8. Способ обнаружения клона МВР83-99 Vβ13.1 Т-клеток, экспрессирующих мотив LGRAGLTY Т-клеточного рецептора, который предусматривает

(а) получение образца нуклеиновой кислоты из клона МВР83-99 Vβ13.1 Т-клеток;

(б) приведение в контакт образца нуклеиновой кислоты с парой праймеров, которые выбраны или выведены из (I) первого олигонуклеотида, состоящего примерно из 15-30 нуклеотидов, который содержит по меньшей мере 10 последовательных нуклеотидов SEQ ID NО:1 или нуклеиновой кислоты, комплементарной ей, и (II) второго олигонуклеотида, состоящего примерно из 15-30 нуклеотидов, который не включает последовательность первого олигонуклеотида и присутствует в области от Vβ до Jβ гена Vβ13.1 Т-клеточного рецептора Т-клеток, причем последовательности первого и второго олигонуклеотидов не присутствуют на одной и той же цепи гена Т-клеточного рецептора; и

(в) выявление присутствия нуклеиновой кислоты, кодирующей мотив LGRAGLTY.

9. Способ по п.8, где последовательность гена Vβ13.1 представляет собой SEQ ID NО:2.

10. Способ по п.8, где фрагмент образца нуклеиновой кислоты амплифицируют с помощью полимеразной цепной реакции (ПЦР).

11. Способ по п.10, где стадия обнаружения включает зондирование с помощью олигонуклеотидного зонда, который включает

(а) олигонуклеотид, включающий последовательность SEQ ID NО:1 или нуклеиновой кислоты, комплементарной ей; и

(б) частицу для мечения.

12. Способ по п.10, где стадия обнаружения включает авторадиографию.

13. Набор для тестирования, предназначенный для обнаружения Vβ13.1 Т-клеток, в который входит первый олигонуклеотид, состоящий примерно из 15-30 нуклеотидов, где первый олигонуклеотид включает по меньшей мере 10 последовательных нуклеотидов SEQ ID NО:1 или нуклеиновой кислоты, полностью комплементарной ей.

14. Набор для тестирования по п.13, дополнительно включающий второй олигонуклеотид, состоящий примерно из 15 и 30 нуклеотидов, который не включает последовательность первого олигонуклеотида и который присутствует в области от Vβ до Jβ гена Vβ13.1 Т-клеточного рецептора Т-клеток, причем последовательности первого и второго олигонуклеотидов не присутствуют на одной и той же цепи гена Т-клеточного рецептора.

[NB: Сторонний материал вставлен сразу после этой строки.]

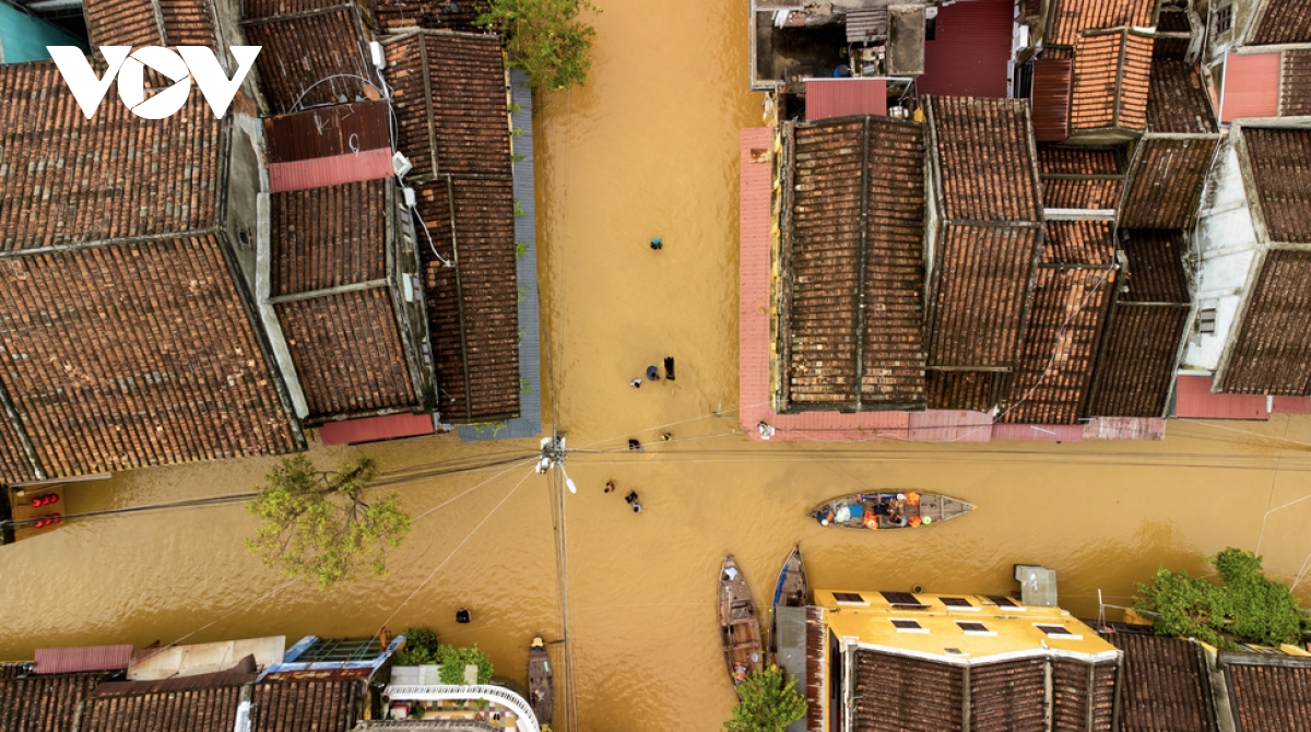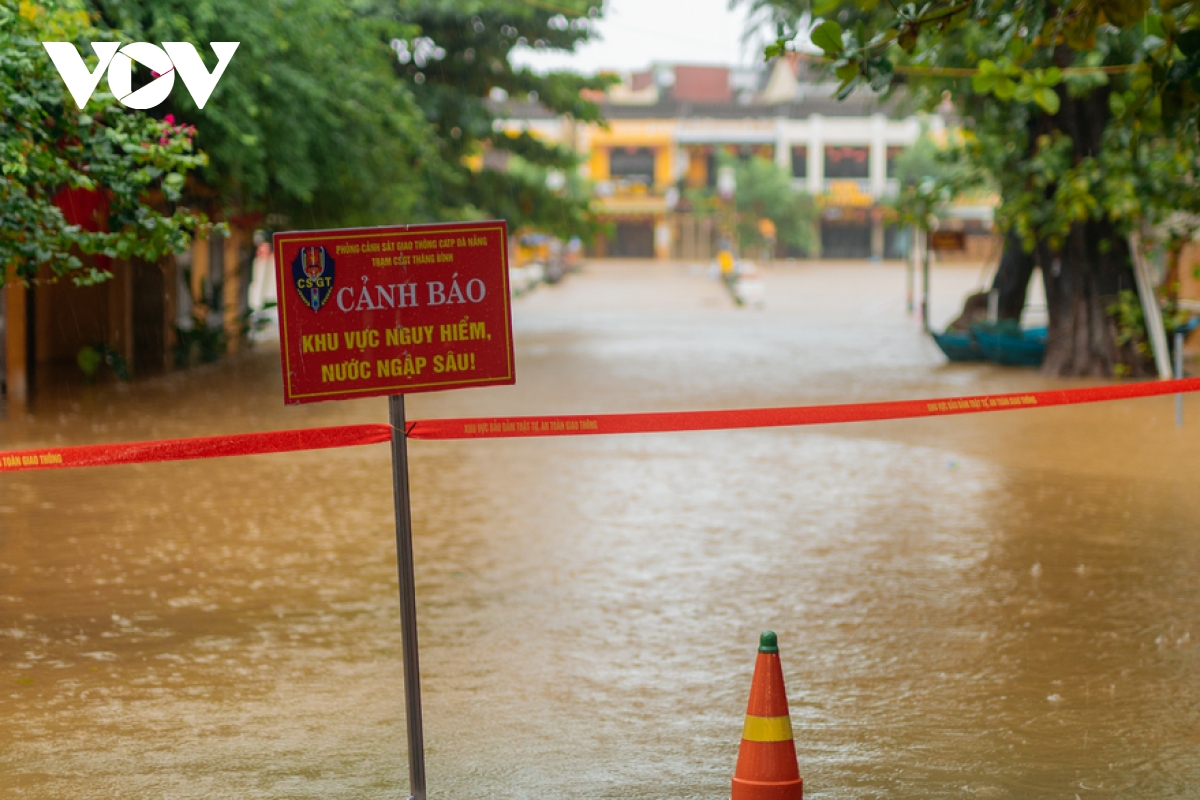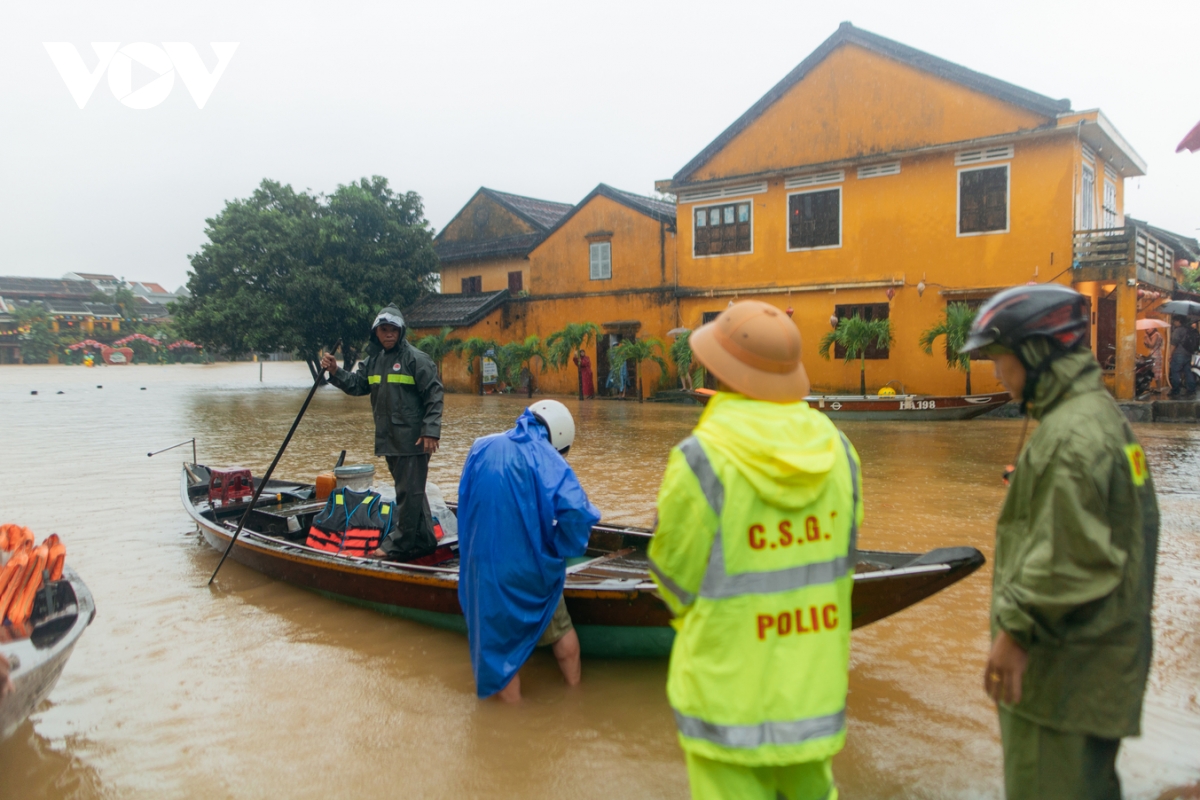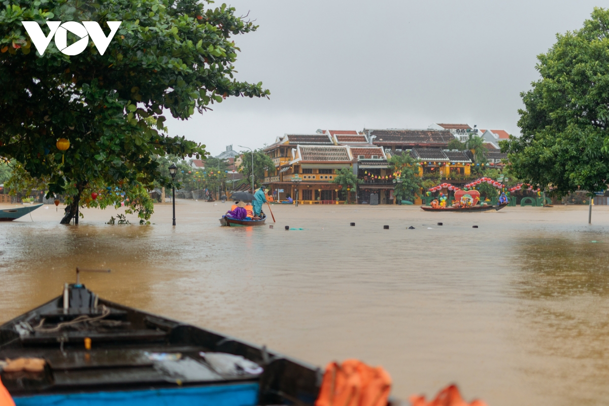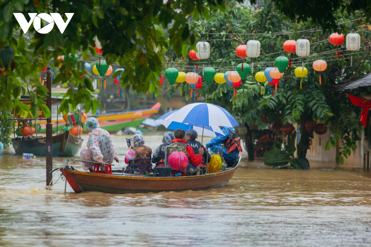 Khách nước ngoài thích thú đi lại trên phố cổ khi lũ về

15. Набор для тестирования по п.14, где последовательность гена Vβ13.1 представляет собой SEQ ID NО:2.

16. Набор для тестирования по п.13, дополнительно включающий частицу для мечения, где частицу для мечения выбирают из ³²P или дигоксингенина.

17. Способ лечения аутоиммунного заболевания у человека, у которого обнаружено присутствие клона МВР83-99 Vβ13.1 Т-клеток, включающих ДНК последовательность SEQ ID NО:1, причем этот способ предусматривает введение человеку пептида Leu Gly Arg Ala Gly Leu Thr Tyr (SEQ ID NО:3).

18. Способ по п.17, где последовательность гена Vβ13.1 представляет собой SEQ ID NO:2.

19. Способ по п.17, где стадия введения дополнительно включает введение маркерного пептида Т-клеточной активации.

20. Способ мониторинга аутоиммунного заболевания, предусматривающий

(А) выделение клона МВР83-99 Vβ13.1 Т-клеток из организма человека;

(Б) обнаружение присутствия нуклеиновой кислоты, кодирующей мотив LGRAGLTY, путем (I) выделения образца нуклеиновой кислоты из клона МВР83-99 Vβ13.1 Т-клеток; (II) приведения образца нуклеиновой кислоты в контакт с парой праймеров, которые выбраны или выведены из (а) первого олигонуклеотида, состоящего примерно из 15-30 нуклеотидов, который содержит по меньшей мере 10 последовательных нуклеотидов SEQ ID NО:1 или нуклеиновой кислоты, комплементарной ей; и (б) второго олигонуклеотида, состоящего примерно из 15-30 нуклеотидов, который не включает последовательность первого олигонуклеотида и присутствует в области от Vβ до Jβ гена Vβ13.1 Т-клеточного рецептора Т-клеток, причем последовательности первого и второго олигонуклеотидов не присутствуют на одной и той же цепи гена Т-клеточного рецептора; и

(в) обнаружения присутствия нуклеиновой кислоты, кодирующей мотив LGRAGLTY; и, если нуклеиновая кислота обнаружена, то

(В) количественную оценку нуклеиновой кислоты.

21. Способ по п.20, где последовательность гена Vβ13.1 представляет собой SEQ ID NО:2.